* Prompt:
An exact copy of the listing below is required, minus its pictures.

* The input:
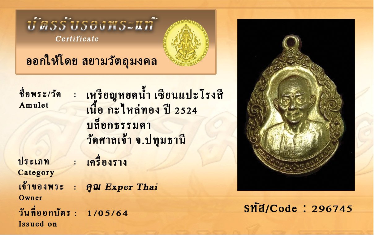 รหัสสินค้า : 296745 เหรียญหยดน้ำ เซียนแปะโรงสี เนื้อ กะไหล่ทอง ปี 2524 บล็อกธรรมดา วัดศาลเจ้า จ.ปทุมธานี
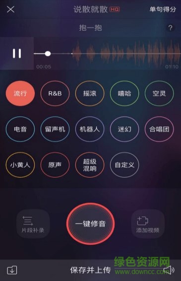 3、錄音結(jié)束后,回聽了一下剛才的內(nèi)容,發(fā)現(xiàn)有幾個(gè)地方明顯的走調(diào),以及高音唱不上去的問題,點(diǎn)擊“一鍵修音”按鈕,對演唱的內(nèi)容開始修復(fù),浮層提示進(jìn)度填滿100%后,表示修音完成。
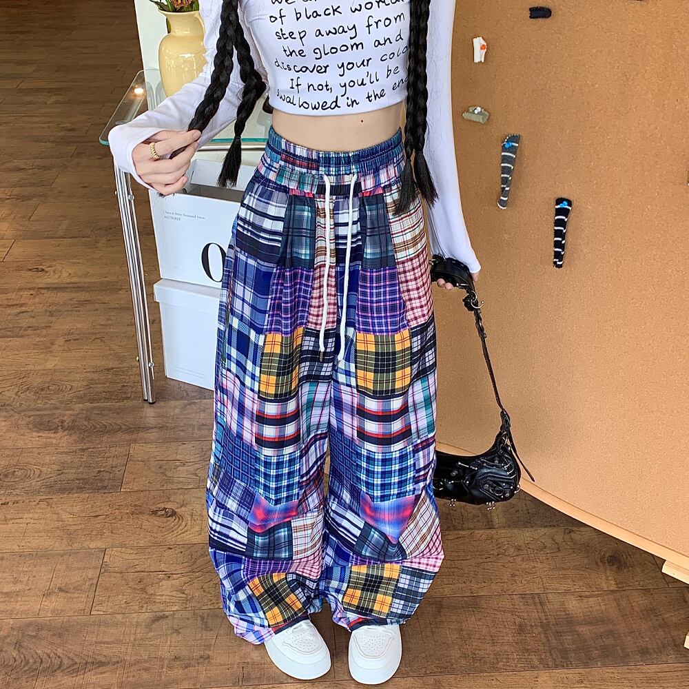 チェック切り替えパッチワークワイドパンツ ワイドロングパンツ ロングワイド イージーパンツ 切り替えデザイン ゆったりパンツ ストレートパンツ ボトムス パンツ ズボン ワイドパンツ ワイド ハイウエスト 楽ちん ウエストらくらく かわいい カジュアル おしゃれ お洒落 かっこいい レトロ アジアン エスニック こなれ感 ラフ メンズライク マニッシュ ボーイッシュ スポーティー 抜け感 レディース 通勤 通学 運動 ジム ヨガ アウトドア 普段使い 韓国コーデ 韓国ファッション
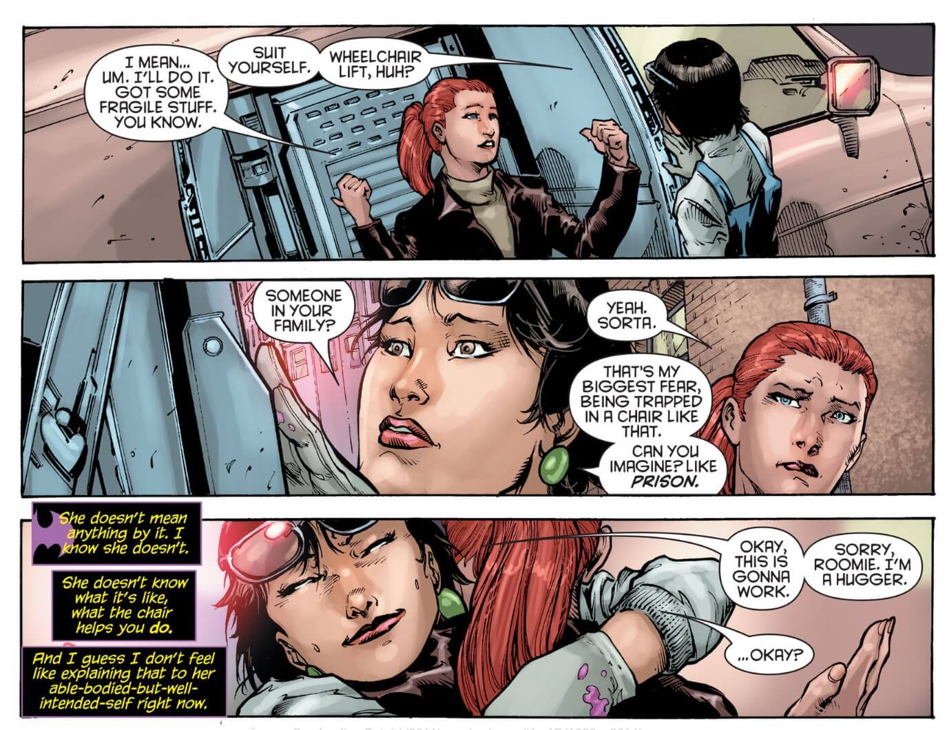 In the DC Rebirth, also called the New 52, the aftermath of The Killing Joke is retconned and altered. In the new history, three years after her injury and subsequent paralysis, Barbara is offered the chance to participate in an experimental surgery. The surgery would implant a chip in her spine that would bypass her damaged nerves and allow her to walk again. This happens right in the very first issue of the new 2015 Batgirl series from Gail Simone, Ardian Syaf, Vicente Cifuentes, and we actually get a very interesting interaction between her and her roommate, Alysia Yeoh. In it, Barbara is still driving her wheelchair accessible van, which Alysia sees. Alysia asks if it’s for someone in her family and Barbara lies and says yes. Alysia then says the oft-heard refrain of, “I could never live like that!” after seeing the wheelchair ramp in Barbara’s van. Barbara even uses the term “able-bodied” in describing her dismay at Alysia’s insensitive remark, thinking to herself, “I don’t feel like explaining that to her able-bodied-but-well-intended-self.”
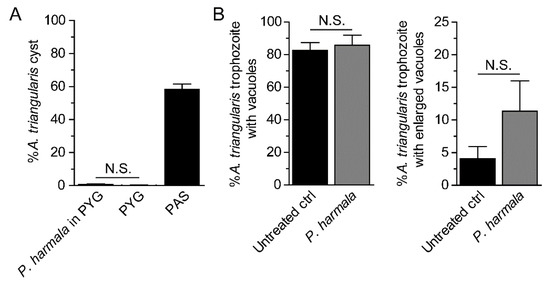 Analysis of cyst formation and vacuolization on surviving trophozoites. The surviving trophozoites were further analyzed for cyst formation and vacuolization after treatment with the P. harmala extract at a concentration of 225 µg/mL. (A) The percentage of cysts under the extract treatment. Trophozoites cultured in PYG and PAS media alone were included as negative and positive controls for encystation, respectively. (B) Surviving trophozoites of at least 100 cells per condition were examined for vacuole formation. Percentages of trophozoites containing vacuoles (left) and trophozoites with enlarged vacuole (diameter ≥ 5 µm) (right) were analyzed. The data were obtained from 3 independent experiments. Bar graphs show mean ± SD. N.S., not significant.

* Response for this exercise:
 รหัสสินค้า : 296745 เหรียญหยดน้ำ เซียนแปะโรงสี เนื้อ กะไหล่ทอง ปี 2524 บล็อกธรรมดา วัดศาลเจ้า จ.ปทุมธานี
 3、錄音結(jié)束后,回聽了一下剛才的內(nèi)容,發(fā)現(xiàn)有幾個(gè)地方明顯的走調(diào),以及高音唱不上去的問題,點(diǎn)擊“一鍵修音”按鈕,對演唱的內(nèi)容開始修復(fù),浮層提示進(jìn)度填滿100%后,表示修音完成。
 チェック切り替えパッチワークワイドパンツ ワイドロングパンツ ロングワイド イージーパンツ 切り替えデザイン ゆったりパンツ ストレートパンツ ボトムス パンツ ズボン ワイドパンツ ワイド ハイウエスト 楽ちん ウエストらくらく かわいい カジュアル おしゃれ お洒落 かっこいい レトロ アジアン エスニック こなれ感 ラフ メンズライク マニッシュ ボーイッシュ スポーティー 抜け感 レディース 通勤 通学 運動 ジム ヨガ アウトドア 普段使い 韓国コーデ 韓国ファッション
 In the DC Rebirth, also called the New 52, the aftermath of The Killing Joke is retconned and altered. In the new history, three years after her injury and subsequent paralysis, Barbara is offered the chance to participate in an experimental surgery. The surgery would implant a chip in her spine that would bypass her damaged nerves and allow her to walk again. This happens right in the very first issue of the new 2015 Batgirl series from Gail Simone, Ardian Syaf, Vicente Cifuentes, and we actually get a very interesting interaction between her and her roommate, Alysia Yeoh. In it, Barbara is still driving her wheelchair accessible van, which Alysia sees. Alysia asks if it’s for someone in her family and Barbara lies and says yes. Alysia then says the oft-heard refrain of, “I could never live like that!” after seeing the wheelchair ramp in Barbara’s van. Barbara even uses the term “able-bodied” in describing her dismay at Alysia’s insensitive remark, thinking to herself, “I don’t feel like explaining that to her able-bodied-but-well-intended-self.”
 Analysis of cyst formation and vacuolization on surviving trophozoites. The surviving trophozoites were further analyzed for cyst formation and vacuolization after treatment with the P. harmala extract at a concentration of 225 µg/mL. (A) The percentage of cysts under the extract treatment. Trophozoites cultured in PYG and PAS media alone were included as negative and positive controls for encystation, respectively. (B) Surviving trophozoites of at least 100 cells per condition were examined for vacuole formation. Percentages of trophozoites containing vacuoles (left) and trophozoites with enlarged vacuole (diameter ≥ 5 µm) (right) were analyzed. The data were obtained from 3 independent experiments. Bar graphs show mean ± SD. N.S., not significant.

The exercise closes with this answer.